The problem is, it doesn't just affect the person being assessed, but also their friends and family. sad

threesocksmorgan Fri 07-Sep-12 11:44:08

no surprise there.

FrothyOM Fri 07-Sep-12 13:33:18

No disrespect to the OP but this isn't news to me. sad

Marks place.

BlackberryIce Fri 07-Sep-12 13:47:30

The gp's think that they should be approached directly for some of the information. Great in theory, but I wonder if gp practices would charge for this 'service'!

Darkesteyeswithflecksofgold Fri 07-Sep-12 14:11:17

Blackberry some GPs are charging to provide support letters for claims. I know someone who was charged £70.

CogitoErgoSometimes Fri 07-Sep-12 14:13:25

So the answer is no assessments at all?

BlackberryIce Fri 07-Sep-12 14:14:10

That's the worry isn't it. I heard gp's are no longer able to countersign passport applications because they abused their position and charged so much

Vagaceratops Fri 07-Sep-12 14:52:48

My GP charged me £15 to sign a document for DS2's school agreeing to the use of an EPIPEN he had already prescribed.

Tansie Fri 07-Sep-12 14:59:44

Which is why GPs are not fit people to be in charge of the cash in the NHS. See this

and consider donating!

OrangeKipper Fri 07-Sep-12 15:00:52

The weird thing about this is that GPs always used to be sent their own set of ATOS forms for Incapacity Benefit assessments. I've sat there in the room while mine filled them in.

I don't know but I suspect it was actually part of the GP contract.

The debate used to be whether consultants should be expected to produce letters for IB/DLA assessments as part of their job, or whether it was optional or chargeable for them.

Now it seems the requirement for ATOS to contact at least the GP has been removed.

2old2beamum Fri 07-Sep-12 15:11:32

That is strange my GP has written 2 for my DD and did not charge confused

OrangeKipper Fri 07-Sep-12 15:21:16

Here we go:

"A patient has asked for a report to support his appeal after having his Incapacity Benefit withdrawn. Do their GP have to provide a report?

"No. GPs, as certifying medical practitioners, have a statutory obligation to provide statements of incapacity to patients on their list and certain information to a healthcare professional working for Atos Healthcare on behalf of DWP when requested. However, under their NHS contract there is no requirement for GPs to provide reports or offer an opinion on incapacity for work to anyone else unless requested to do so by Jobcentre Plus.

"Claimants should contact Jobcentre Plus or the Appeals Service, where appropriate, if they think that further medical evidence is necessary to support their claim or appeal. They should state clearly their reasons for believing that further evidence is necessary.

"If Jobcentre Plus or the Appeals Service consider that further medical evidence is necessary, they will seek it.
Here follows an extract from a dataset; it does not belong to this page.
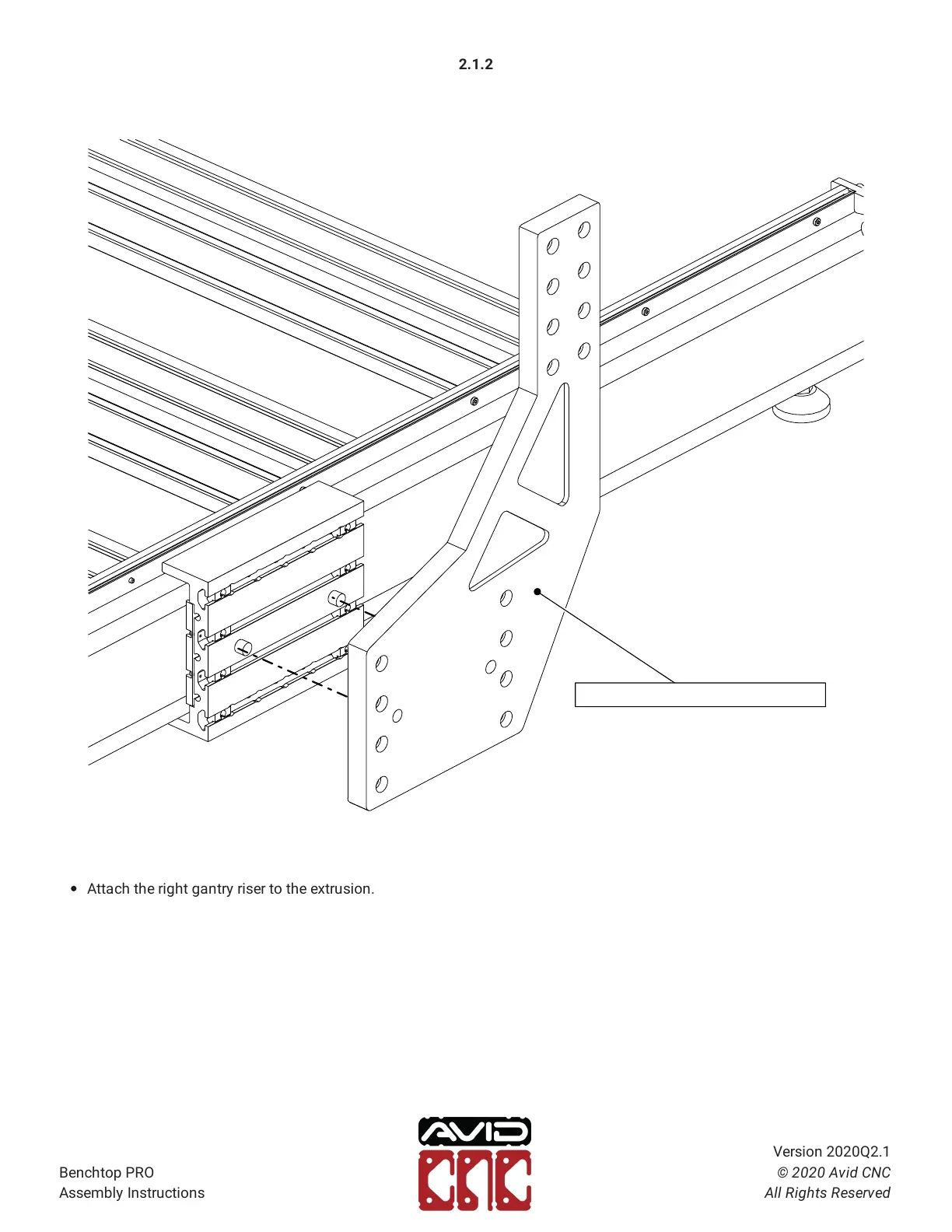 Attach the right gantry riser to the extrusion.
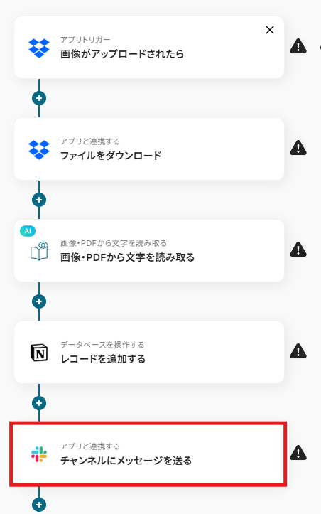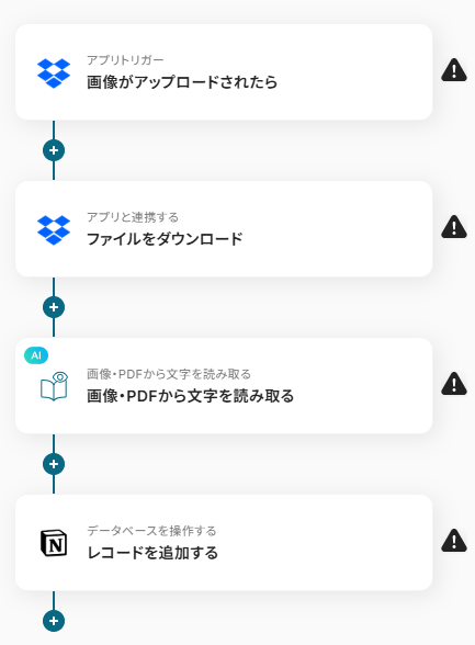 このフローでは、Dropboxに画像をアップロードするとYoomが自動でOCR処理を行い、抽出したテキストをNotionに追加することができます。さらに、Slackでチームに通知することで情報の共有がスムーズに行えます。この自動化により、手作業の手間を減らして業務効率を向上できるでしょう。

They will be responsible for paying any fee to the doctor providing the report.

"So NHS GPs are under no obligation to provide such evidence to their patients nor to provide it free of charge. If a GP does not agree to provide additional evidence for their patient then it is a private matter to be resolved between the GP and their patient."

So the GP is only compelled to provide a report when the JobCentre ask for it. If the JobCentre don't ask for one, the patient is at the mercy of what the GP choses.

OrangeKipper Fri 07-Sep-12 15:24:24

And here's the DWP page with rather more info that the above medical committee were quoting from.

Empusa Fri 07-Sep-12 18:05:41

The other problem is, even if your GP will provide a report the JobCentre, the JobCentre may refuse to even acknowledge it. I know that happened to DH, we had reports from the GP, his psychiatrist, and other specialists and they refused to even look at it until we got to the appeal stage.

Talking to other people it seems as though this is pretty normal.

sunshinenanny Sun 23-Sep-12 20:05:30

I have a theory that this caring government is trying to drive people to suicide so they won't have to pay any benefits. These things should be decided on proper medical evidence from doctors who know their patients not by someone ticking boxes for the DWP.